2010年代を通じて歴史的な活躍を見せたトラウトだが、その実力に見合った人気を得られているとは言い難い。(C)Getty Images

2010年代を通じて歴史的な活躍を見せたトラウトだが、その実力に見合った人気を得られているとは言い難い。(C)Getty Images

 振り返ってみれば、2010年代もやはり「激動の10年」だった。ファンを歓喜させた快挙、球界を震撼させた事件、レジェンドの引退……10年間を彩った10...
 振り返ってみれば、2010年代もやはり「激動の10年」だった。ファンを歓喜させた快挙、球界を震撼させた事件、レジェンドの引退……10年間を彩った10大ニュースをカウントダウン形式で紹介していこう。

4位:アストロズが創設以来初の世界一
 高給取りの選手を次々に放出して年俸総額を下げ、半ば意図的に低迷して翌年のドラフト上位指名権を得る。「タンキング」と呼ばれるこの手法は、アメリカのプロスポーツではおなじみの再建術だ。

 17年、球団創設56年目にして初のワールドシリーズ制覇を果たしたアストロズは、MLBでタンキングを用いて成功した球団の代表例だろう。11~13年に3年続けて106敗以上と大々的に負けまくった代わり、12~14年は史上初めて3年連続でドラフト全体1位指名権を獲得。12年1位のカルロス・コレアは正遊撃手として世界一の重要なピースになった。

 ただし、成功の理由をすべてタンキングで説明するのは安易に過ぎる。アストロズは、他のどのチームよりも時代の先を行っていた。ドラフト指名やマイナーでの育成、他球団からの人材発掘など、あらゆる面でデータを有効活用して戦力強化につなげた。

 ジェフ・ルーノーGMは良くも悪くも常識や良識に囚われず、眉をしかめるような方法と正攻法を組み合わせて常勝チームを作り上げた。しかし、19年シーズン後に発覚した、電子機器を利用したサイン盗みを擁護するのはさすがに難しい。

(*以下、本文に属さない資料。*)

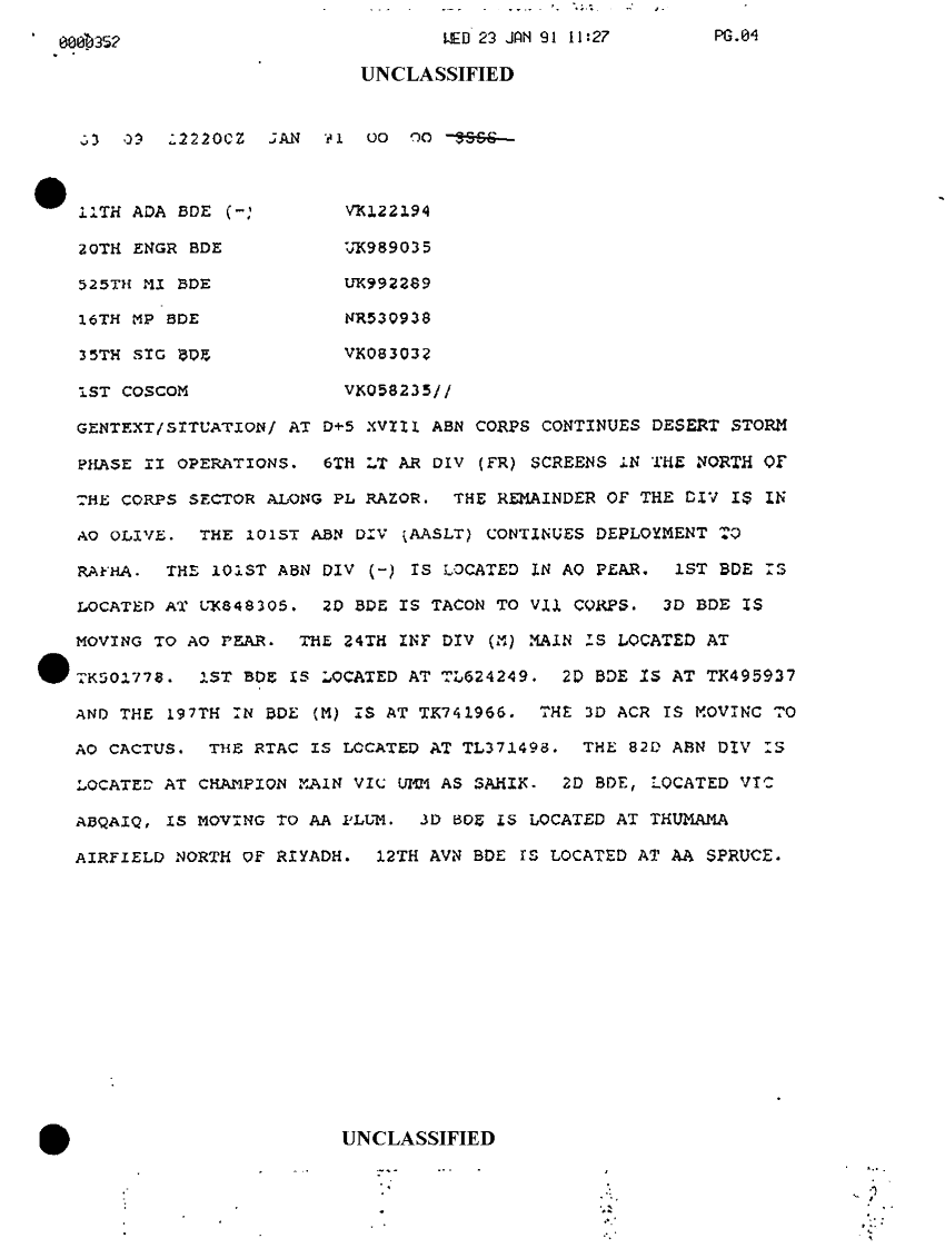 Document 9 f:/Week-30/BX000441/COMMAND REPORTS SITREPS XVIII ABC JAN- FEB 91/sitrep xviii abn corps 23 jan 91:11089615145938

MLBから1年の出場停止処分を受けたルーノーGMは、AJ・ヒンチ監督とともにオーナーによって職を解かれた。

 いい意味でも悪い意味でも10年代を象徴するチームだったアストロズを、後世の歴史家はどう評価するだろうか。
 
3位:マイク・トラウトが歴史的な活躍
 今となっては、09年のドラフトでマイク・トラウトより先に24人の選手が指名されたのは信じ難い。うち6人はメジャー昇格さえ果たせず、通算bWARが10.5――トラウトがルーキーだった12年に記録した数字――を超える者も4人しかいない。

 その12年、トラウトは打率.326、30本塁打、49盗塁を記録して新人王に選ばれ、MVP投票では2位に入った。この時、45年ぶりの三冠王に輝いてMVPを受賞したミゲル・カブレラ(タイガース)のbWARは7.1でトラウト(10.5)よりずっと下だった。そのため、旧来型の数字に重きを置くオールドスクール派と、セイバーメトリクスを重視する革新派の間で、どちらがMVPにふさわしいかをめぐる論争も起きた。その意味でも、トラウトは新しい時代を象徴する選手だった。

 彼はその後も活躍を続けた。打撃三冠部門のタイトルは14年の打点王だけでも、16年から4年連続で出塁率リーグ1位、長打率も15年からの5年間で3回1位。12年に逃したMVPも、14・16・19年の3度受賞している。

 現在まだ28歳で、バリー・ボンズの持つMVP7度の記録更新も不可能ではない。玉にキズなのは「トラウトと言えばこの場面」とすぐに思い浮かぶ名シーンがないこと。所属するエンジェルスがこのディケイドで1回しかプレーオフに進出できなかったのも大きい。

 トラウトほどの実力を持つ選手が、かつてのデレク・ジーターやケン・グリフィーJr.のような規模の人気を得られていない現状が何ともやるせない。